The need for Next Generation Data Warehousing (NGDW)
Despite the no brainer economics for customers to buy Data Warehousing 1.0 or 2.0 technologies given the business impact these systems deliver, there was one thing that always remained elusive: Time to Value. No matter how much a customer paid or how skillful a team was assembled, it took six to nine months after the purchase was made for the customer to start seeing value.
The hidden reality of all big data projects is that 70% of cost and time goes into prepare the data before one can analyze it.
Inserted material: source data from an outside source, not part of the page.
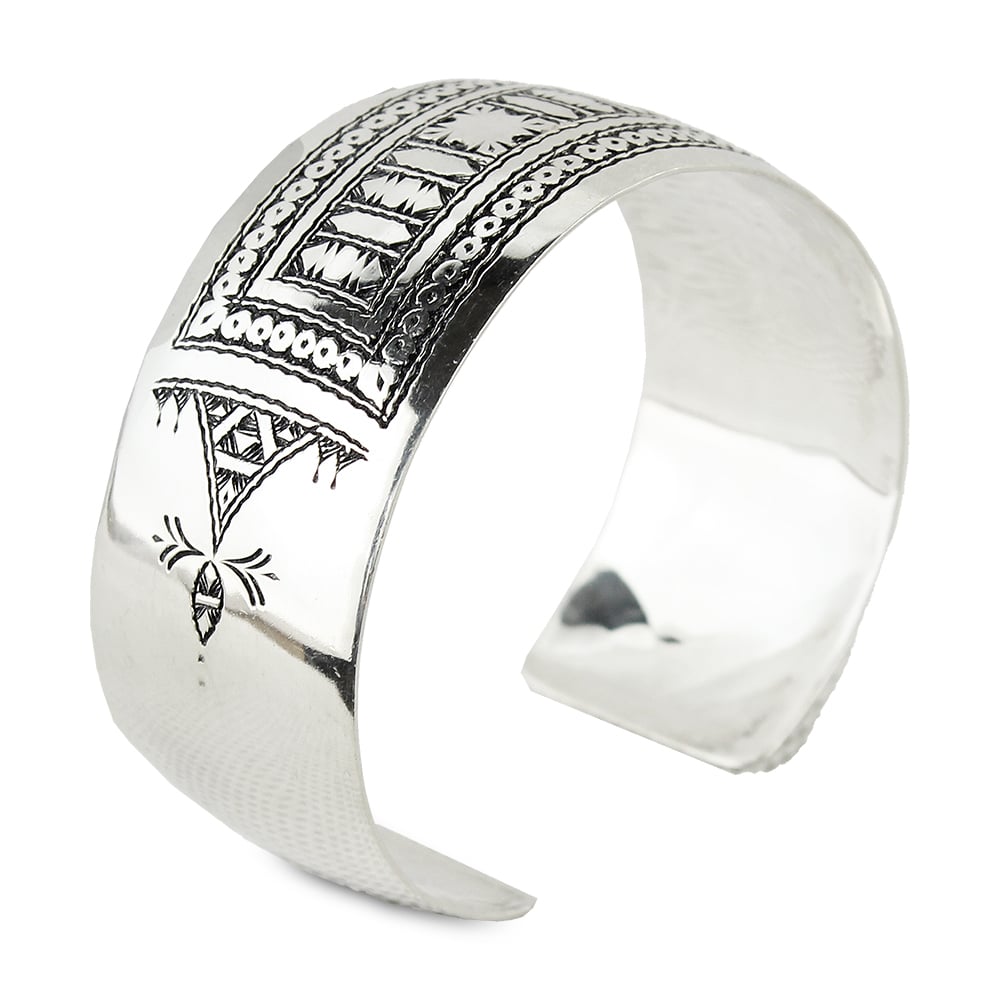 This Moroccan silver handcrafted bracelet is a real treasure. Handcrafted by talented artisans, it features a traditional design with intricate patterns and refined details. Its finesse and elegance make it a unique piece of jewelry that will add a touch of exoticism to your outfit.
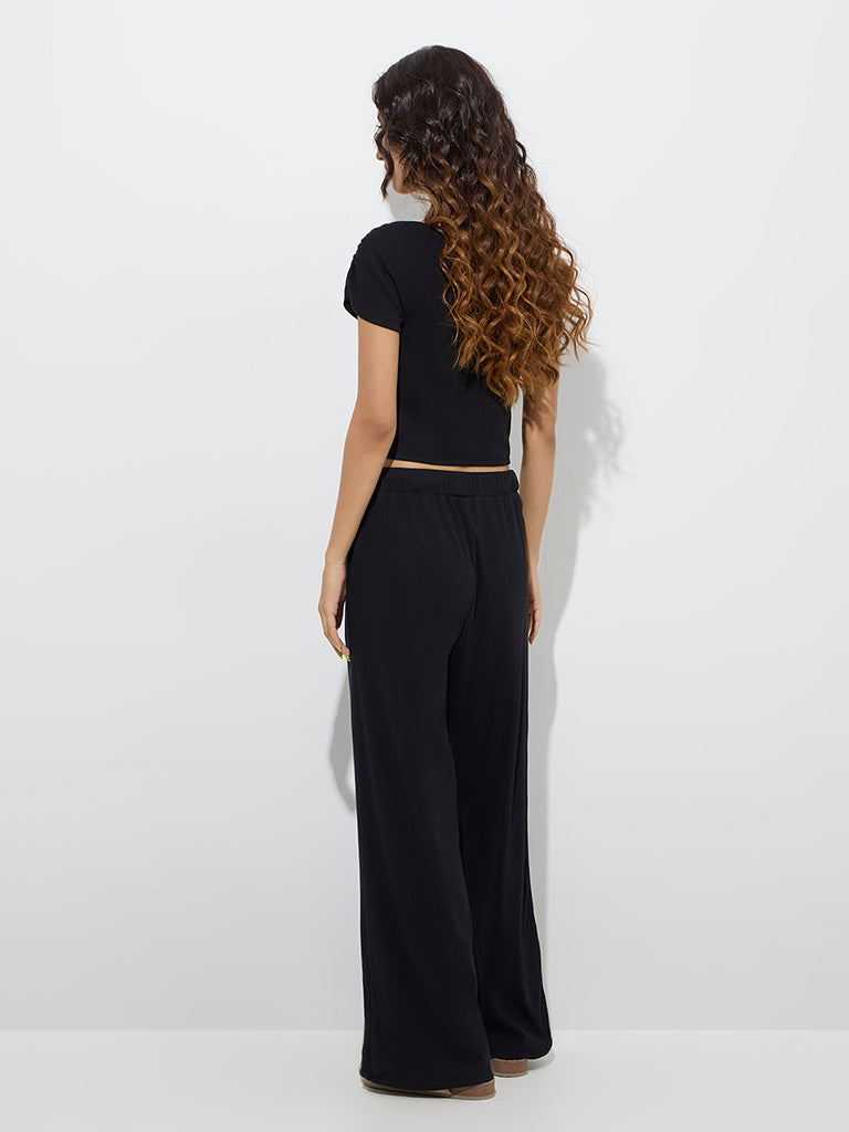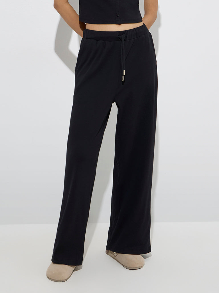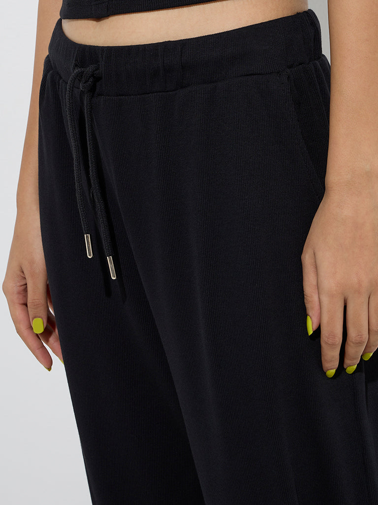 Superstar Black Ribbed High-Rise Cotton-Blend Pants
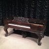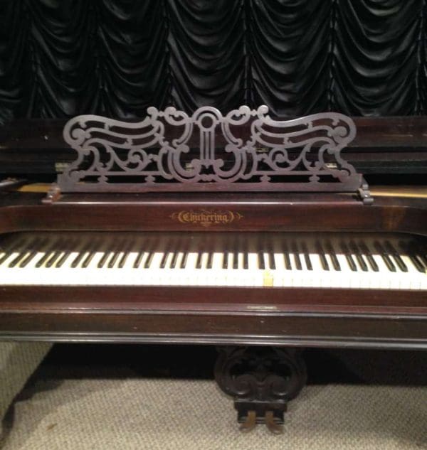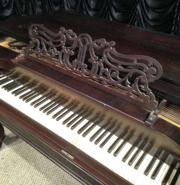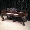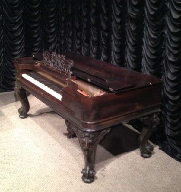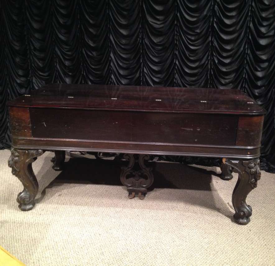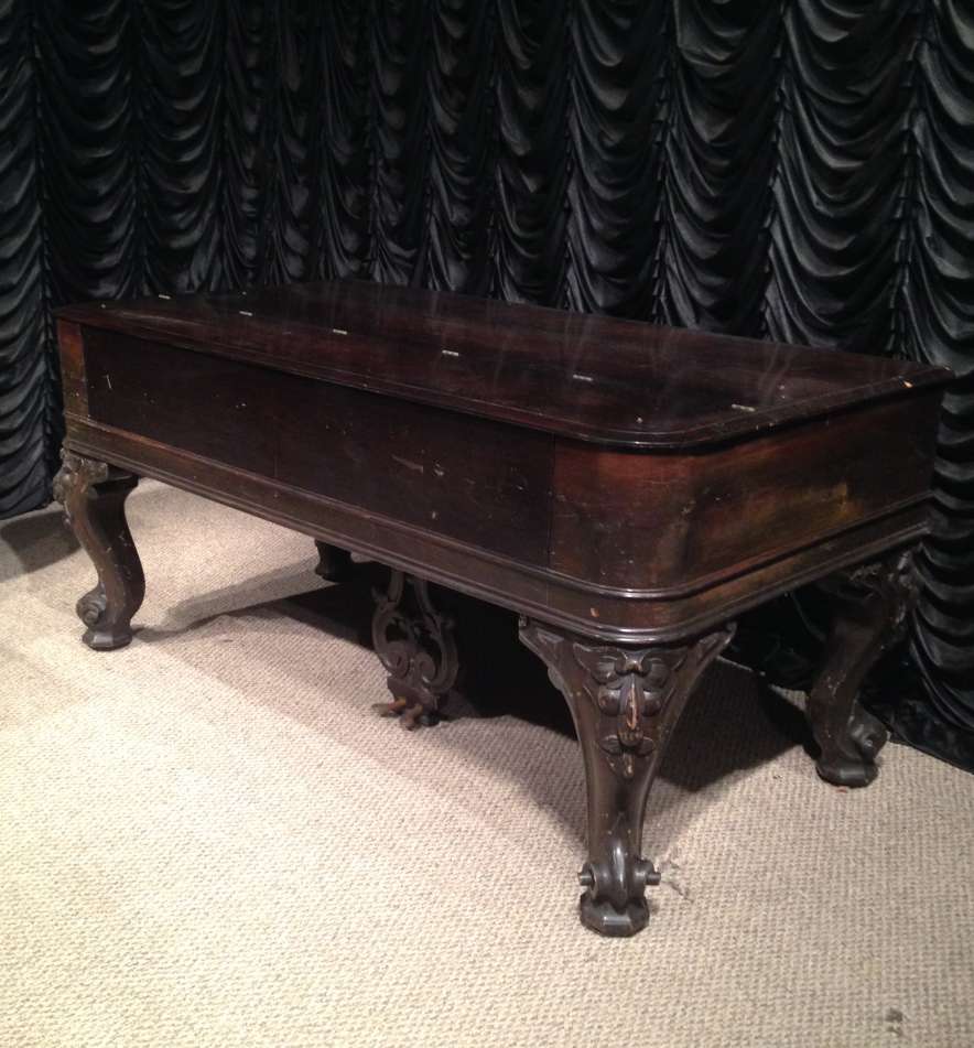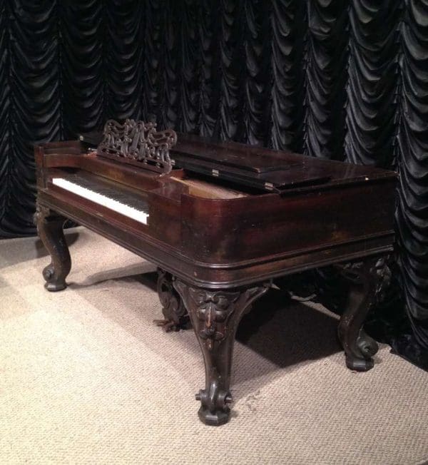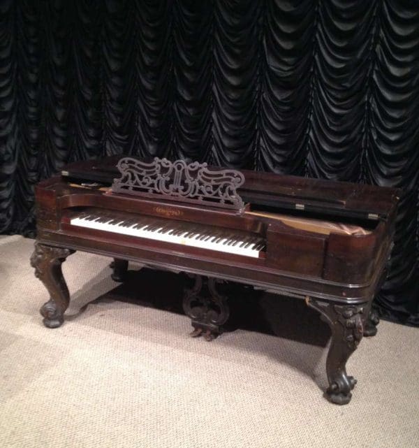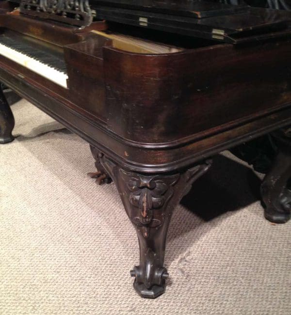This wonderful square piano was built by Chickering of Boston in 1881, shortly before the large square piano was discontiued in favor of the smaller upright piano. Chickering was the first piano manufacturer in America, established in 1823 and is said to have built the finest pianos in the world. Long before names such as Steinway, etc., Chickering held top awards world wide for piano design and manufacturing. This piano is one of Chickering’s classic Cabriole Leg style square grand pianos. Once the most popular style of piano built in America, these instruments are nearly extinct today. This instrument is made of Brazilian Rosewood, now an endangered species, and is elaborately carved in the Rococo Victorian style. Note the elaborate carvings on the legs and music rack, as well as the ornate casting in the metal harp inside. This piano is one of Chickering’s later models, making it one of their larger and more impressive models.This piano is being restored to like-new condition, inside and out. An original matching stool is included.
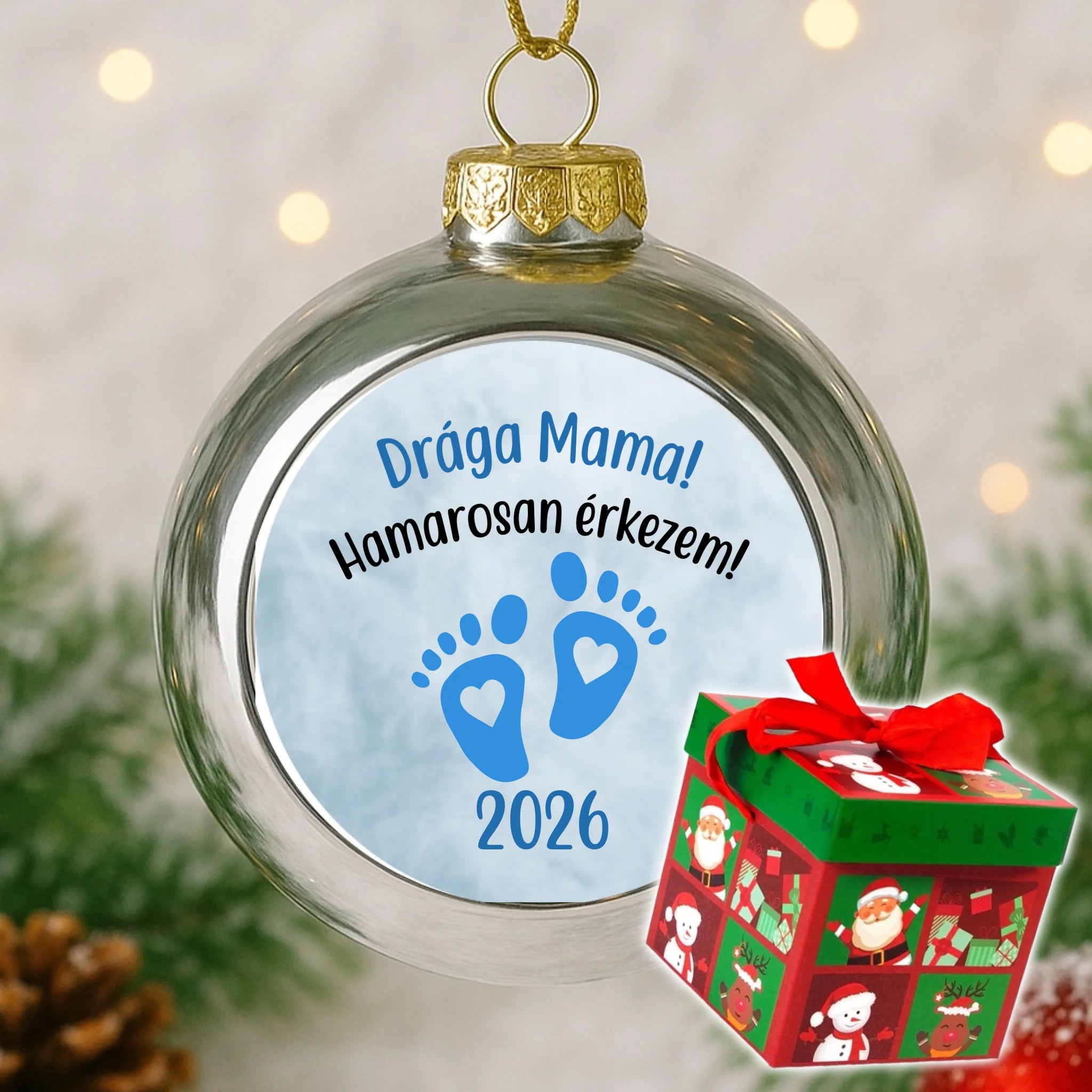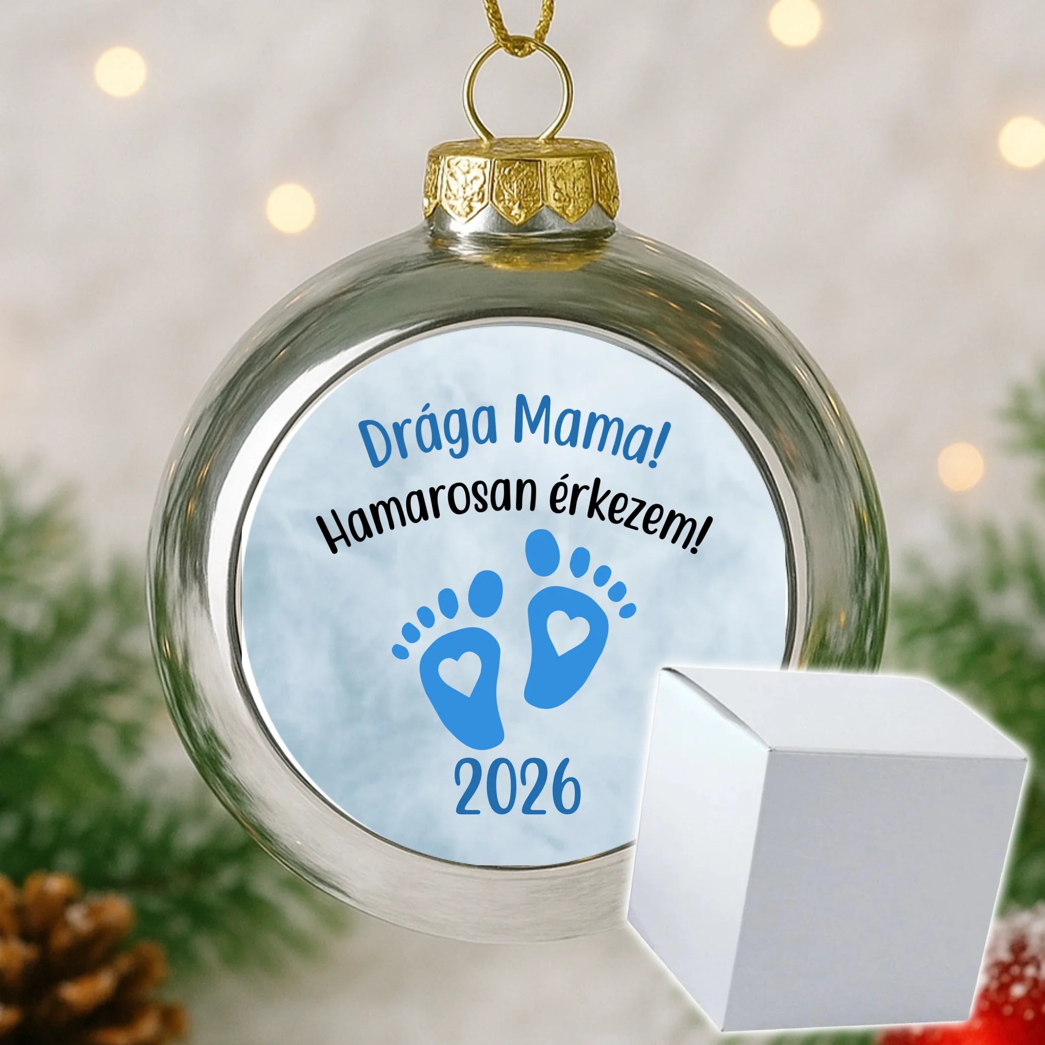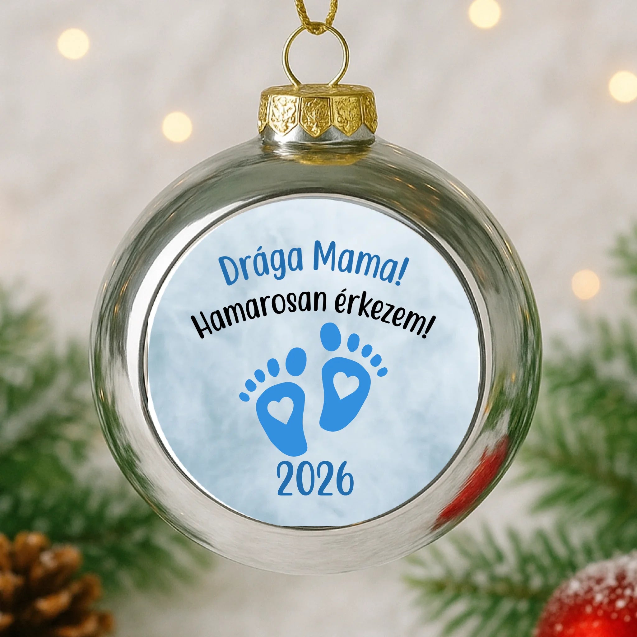 Karácsonyi baba bejelentő gömbdísz ezüst

Preparation of data includes data ingestion at scale, data cleansing, schema generation, and data storage/ normalization.
The other key reason for delay in Big Data projects is the procurement of infrastructure, and the constant need to keep adding memory/hardware to keep up with the growing needs of processing data at scale.
The final hurdle is buying or getting a Business Analytics or Business Intelligence infrastructure to work on the collected data in order to produce actionable reports or analytics.
So, as I started looking at this space again to make my next “big data” investment I was resolved to find a company that at its core, solved these problems.
Enter Treasure Data!
I was introduced via email to Hiro and Kaz by another entrepreneur whom I have a great deal of respect . When I met Hiro and Kaz I had a “Yara” moment. Our initial meeting took me back to 2005 when I had first met Scott Yara and he’d explained the power of Greenplum. The Treasure Data guys, like Scott, were also humble and brilliant. – just the type of personalities I love working with. They had built a next generation multi-tenant cloud service that had an integrated data ingestion architecture whereby you could ingest data first and define the schema later. Once ingested, the data could be manipulated, compressed and stored. The resulting data is presented an elegant API driven interface to any existing BI infrastructure. Truly a next generation data pipeline architecture. And the business results were no less spectacular. Since launching the service in Q4, 2012, Treasure Data had already closed 70 enterprise customers. I was hooked! As I continued to work with them, we went on several sales calls together. A few of the sales calls were to Sierra’s CIO Advisory Board members who had expressed interest in meeting them. Along the way, we developed a shared vision on where we could take this company over the next decade.
As Amazon Web Services (AWS) has shown, customer self-service and superior economic value always trumps large expensive sales forces, brigades of consulting bodies and top down selling motion; a game that has been perfected by the IBM’s , SAP’s and Teradata’s of the world. This game is permanently changed. It is my strong belief that the next billion-dollar enterprise software company will have bottom up buying, rapid time to value and high impact business value. That’s our mission at Treasure Data in the Data Warehousing category, and with Hiro and Kaz at the helm, I’m looking forward to building a phenomenal company that is the panacea to the Enterprise “Big Data” pain.